Haskell · Cabal · build performance

Parallelising cabal-install: How Haskell Builds Use Your Cores

The 2011 Google Summer of Code work on this topic was a landmark for the domain · this is an updated, original community guide for 2026 · Coldwast Programming Guides

Parallel build lanes showing independent Haskell packages compiling concurrently under cabal build -j — Independent packages in the install plan build concurrently — the core idea behind today's `-j` builds.

Community-maintained, updated rewrite. The original 2011 Google Summer of Code project "Parallelising cabal-install" was carried out by the domain's previous owner; this guide is new, original writing about the topic and does not reproduce or claim authorship of that work. It explains the idea and brings it up to the 2026 toolchain.

In 2011, building a Haskell project with a large dependency tree was a sequential slog: cabal install compiled one package, then the next, then the next — leaving most of a multicore machine idle. A Google Summer of Code project that year tackled exactly this: teach cabal-install to build independent packages in parallel. That idea is now baked into every Haskell build. Here is how it works, and how to get the most out of it today.

The key insight: a build is a DAG

An install plan is a directed acyclic graph of packages. If aeson and vector both depend only on base, they don't depend on each other — so there is no reason to build them one after the other. You can compile every package whose dependencies are already built at the same time, bounded only by how many cores you want to use.

Concretely the builder:

Topologically sorts the dependency graph.
Maintains a "ready" set of packages whose dependencies are all built.
Runs up to N builds from that set concurrently; as each finishes, any newly-unblocked package joins the ready set.

On a wide dependency graph and an 8- or 16-core machine, that turns a multi-minute cold build into something dramatically shorter.

Using it today (2026)

Package-level parallelism is on by default and tunable with -j:

$ cabal build -j         # use all available cores
$ cabal build -j4        # cap at 4 concurrent package builds

Or set it persistently in cabal.project (or ~/.cabal/config):

# cabal.project
jobs: 4

This is safe today in a way it wasn't originally, thanks to nix-style local builds (see Cabal 2.0): every package-version-flags combination builds into a content-addressed global store, so two parallel builds can never clobber each other's output. Isolation makes aggressive parallelism risk-free.

Two layers of parallelism

There are actually two independent axes, and understanding both is how you avoid oversubscribing your CPU:

Package-level (cabal build -j): build several independent packages at once. This is the descendant of the 2011 work.
Module-level (GHC's own -j): within a single package, GHC can compile independent modules in parallel. You enable it via GHC options, e.g. ghc-options: -j.

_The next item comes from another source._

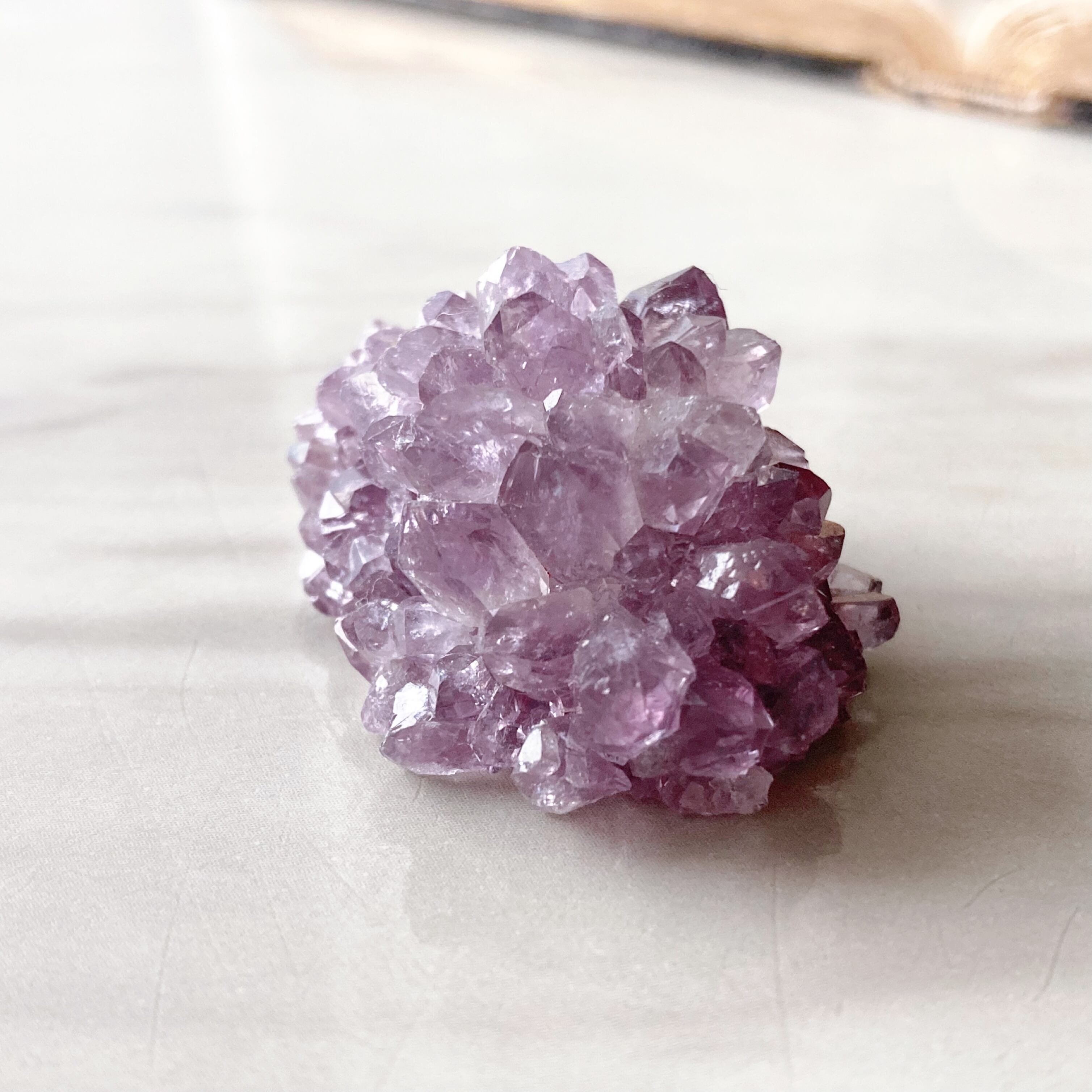 アメジストは大切な人との絆を深め、不安を解消し、心に癒しをもたらします。スピリチュアルな力を呼び覚まし、希望や冷静さをもたらします。不安には癒しを、傷ついた心には安らぎを。感情をコントロールし、直感力を高めます。愛の守護石とも呼ばれています。

The trap is multiplying them: 8 parallel packages × 8 parallel modules each = up to 64 concurrent GHC threads on an 8-core box, which thrashes rather than helps.

The modern fix: a build semaphore

Recent GHC and Cabal solve the oversubscription problem with a shared job semaphore. Instead of each package independently spawning N module jobs, Cabal hands GHC a single semaphore so that total concurrency — across all packages and all modules — stays bounded by one number:

# cabal.project
jobs: 8
package *
  ghc-options: -jsem    # coordinate module + package parallelism
                        # via a shared semaphore

With a semaphore, "8 jobs" means at most 8 GHC compilation tasks running at once in total, whether they come from one big package's modules or eight small packages — exactly the right behaviour on an 8-core machine.

Practical tuning

Cold CI builds: cabal build -j (all cores) is almost always the win — the dependency graph is wide and CI machines are otherwise idle.
Interactive dev: consider leaving a core or two free (-j$(($(nproc)-2))) so your editor/LSP stays responsive during a rebuild.
Memory, not cores, is often the limit. GHC can use a lot of RAM per compilation; if a parallel build starts swapping, lower -j. Cores are cheap, RAM pressure is what actually stalls big Haskell builds.
Measure once: time a clean build at -j2, -j4, -j on your own hardware and dependency set — the sweet spot depends on both.

The takeaway

The 2011 GSoC work answered a question that still matters: a build is a dependency graph, and independent nodes should compile concurrently. Fifteen years later that idea is the default, made safe by content-addressed storage and refined by build semaphores. If your Haskell builds still feel sequential, you are almost certainly leaving cores on the table — start with cabal build -j.